School of Computing, Queen's University 535 Goodwin Hall, Kingston, Ontario, Canada K7L2N8
yuan dot tian at cs dot queensu dot ca
I'm an Assistant Professor in the School of Computing at Queen's University, Kingston, Ontario.
I am looking for master/PhD. students who are excited about data mining and software engineering.
Before joining Queen's, I was a data scientist at the Living Analytics Research Centre (LARC), Singapore Management University (SMU). I received my Ph.D. degree in Information Systems from SMU in May 2017 and a bachelor's degree in Computer Science from Zhejiang University in 2012. I visited Carnegie Mellon University in 2015 and Inria Paris in 2013.
My research focuses on three domains:Data Mining, Software Engineering, and Social Science. My short-term research goal is to help people gain insights from messy data stored in all kinds of software repositories and propose context-aware data-driven approaches to improve the efficiency and capabilities of various stakeholders in software development process.

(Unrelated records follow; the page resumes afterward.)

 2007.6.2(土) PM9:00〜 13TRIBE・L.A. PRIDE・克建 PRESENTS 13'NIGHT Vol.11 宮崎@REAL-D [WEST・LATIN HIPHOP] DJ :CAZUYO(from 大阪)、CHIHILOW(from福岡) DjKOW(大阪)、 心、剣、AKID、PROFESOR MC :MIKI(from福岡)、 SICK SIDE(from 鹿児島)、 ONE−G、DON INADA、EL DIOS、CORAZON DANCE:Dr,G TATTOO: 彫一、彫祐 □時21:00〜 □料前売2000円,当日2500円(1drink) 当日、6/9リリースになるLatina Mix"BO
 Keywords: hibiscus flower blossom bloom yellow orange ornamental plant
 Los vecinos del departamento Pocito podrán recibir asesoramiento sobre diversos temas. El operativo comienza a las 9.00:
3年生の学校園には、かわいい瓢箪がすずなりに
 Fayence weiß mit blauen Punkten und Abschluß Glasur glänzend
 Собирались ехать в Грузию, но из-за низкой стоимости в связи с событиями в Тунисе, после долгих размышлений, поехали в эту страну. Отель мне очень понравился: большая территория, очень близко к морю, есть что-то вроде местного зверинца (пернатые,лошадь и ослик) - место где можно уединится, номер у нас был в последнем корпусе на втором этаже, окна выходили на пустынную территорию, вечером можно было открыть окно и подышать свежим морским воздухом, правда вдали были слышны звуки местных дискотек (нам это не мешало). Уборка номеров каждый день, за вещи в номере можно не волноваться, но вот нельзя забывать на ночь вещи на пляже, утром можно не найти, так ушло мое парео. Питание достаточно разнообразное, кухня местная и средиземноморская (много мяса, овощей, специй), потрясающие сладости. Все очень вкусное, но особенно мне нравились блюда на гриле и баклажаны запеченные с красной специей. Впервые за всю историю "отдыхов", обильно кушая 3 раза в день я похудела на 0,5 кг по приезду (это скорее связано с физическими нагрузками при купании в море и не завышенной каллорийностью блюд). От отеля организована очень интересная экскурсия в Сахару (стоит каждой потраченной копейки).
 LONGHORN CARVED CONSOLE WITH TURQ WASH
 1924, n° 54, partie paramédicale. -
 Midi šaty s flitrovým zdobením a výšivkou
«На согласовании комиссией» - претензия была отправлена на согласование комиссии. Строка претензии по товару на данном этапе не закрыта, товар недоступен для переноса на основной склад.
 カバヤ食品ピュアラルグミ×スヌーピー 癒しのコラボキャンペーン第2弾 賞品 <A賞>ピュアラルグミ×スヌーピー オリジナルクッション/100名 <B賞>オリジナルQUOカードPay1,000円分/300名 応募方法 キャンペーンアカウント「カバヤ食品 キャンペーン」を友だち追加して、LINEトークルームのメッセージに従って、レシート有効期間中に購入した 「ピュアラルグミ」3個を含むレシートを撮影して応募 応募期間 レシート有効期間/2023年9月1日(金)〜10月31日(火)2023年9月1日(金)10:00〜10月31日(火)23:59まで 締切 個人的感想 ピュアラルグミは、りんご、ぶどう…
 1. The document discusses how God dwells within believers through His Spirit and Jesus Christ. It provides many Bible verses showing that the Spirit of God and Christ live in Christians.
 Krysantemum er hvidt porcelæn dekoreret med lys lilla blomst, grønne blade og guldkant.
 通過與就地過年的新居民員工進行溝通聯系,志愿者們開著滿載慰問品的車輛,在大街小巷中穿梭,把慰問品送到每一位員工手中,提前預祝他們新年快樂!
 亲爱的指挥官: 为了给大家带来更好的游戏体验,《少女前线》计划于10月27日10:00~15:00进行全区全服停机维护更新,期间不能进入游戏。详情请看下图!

To addresses the daunting task of finding information about APIs, we constructs a question answering (QA) bot called APIBot. We note that applying well-established general-purpose QA systems to API documentation poses three key challenges: (1) API QA process needs to consider domain-specific patterns and software-specific terms, (2) Much semantic of an API documentation is hidden in its implicit structure, (3) general-purpose QA bots require a large amount of manually created training data that is not necessarily available for API documentation. APIBot addresses these challenges by introducing novel components on top of a general-purpose QA system SiriusQA. An empirical evaluation of APIBot on 92 API questions showed that APIBot can achieve at Hit@5 score of 0.706 (i.e. the correct answer is among the top five answers returned about 70% of the time). This paper appears in the ASE17 proceedings. Access it at here.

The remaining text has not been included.